◆ Exercise objective:
Word for word and without images, reproduce the listing that follows.

◆ Raw data:
:::::
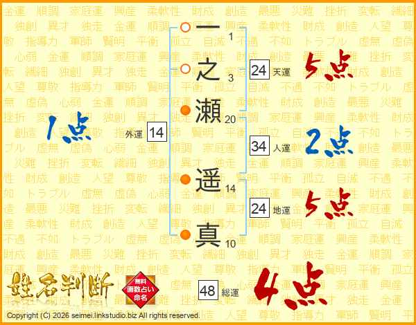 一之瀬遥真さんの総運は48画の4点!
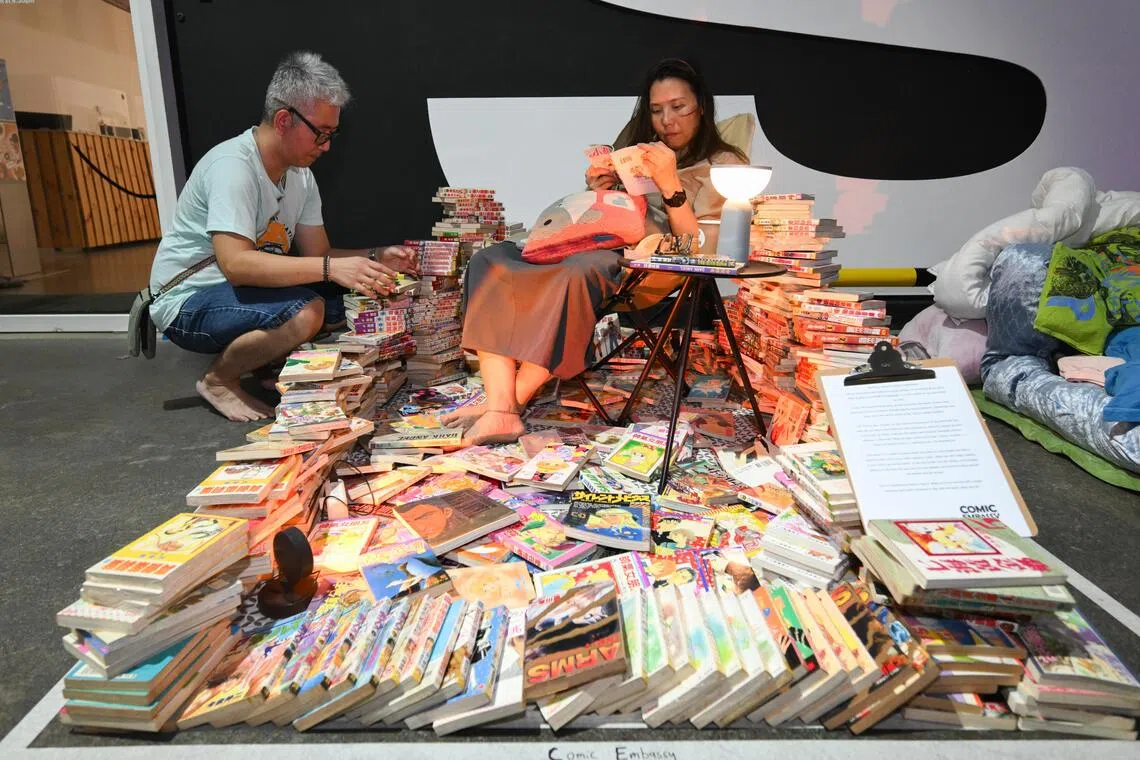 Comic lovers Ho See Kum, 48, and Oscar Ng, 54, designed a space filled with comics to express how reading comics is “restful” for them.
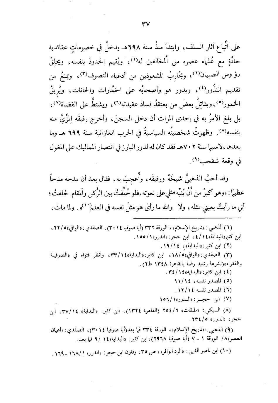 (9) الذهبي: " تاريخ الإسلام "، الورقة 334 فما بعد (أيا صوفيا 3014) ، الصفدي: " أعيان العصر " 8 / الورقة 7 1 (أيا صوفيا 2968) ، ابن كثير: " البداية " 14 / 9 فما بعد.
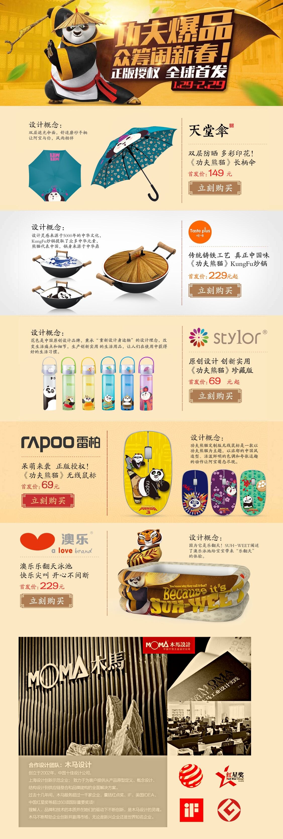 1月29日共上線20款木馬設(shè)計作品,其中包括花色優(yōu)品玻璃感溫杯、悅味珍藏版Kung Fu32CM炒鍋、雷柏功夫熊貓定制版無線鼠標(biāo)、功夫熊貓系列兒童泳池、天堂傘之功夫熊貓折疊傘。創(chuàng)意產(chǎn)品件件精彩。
:::::
◆ Result of this exercise:
 一之瀬遥真さんの総運は48画の4点!
 Comic lovers Ho See Kum, 48, and Oscar Ng, 54, designed a space filled with comics to express how reading comics is “restful” for them.
 (9) الذهبي: " تاريخ الإسلام "، الورقة 334 فما بعد (أيا صوفيا 3014) ، الصفدي: " أعيان العصر " 8 / الورقة 7 1 (أيا صوفيا 2968) ، ابن كثير: " البداية " 14 / 9 فما بعد.
 1月29日共上線20款木馬設(shè)計作品,其中包括花色優(yōu)品玻璃感溫杯、悅味珍藏版Kung Fu32CM炒鍋、雷柏功夫熊貓定制版無線鼠標(biāo)、功夫熊貓系列兒童泳池、天堂傘之功夫熊貓折疊傘。創(chuàng)意產(chǎn)品件件精彩。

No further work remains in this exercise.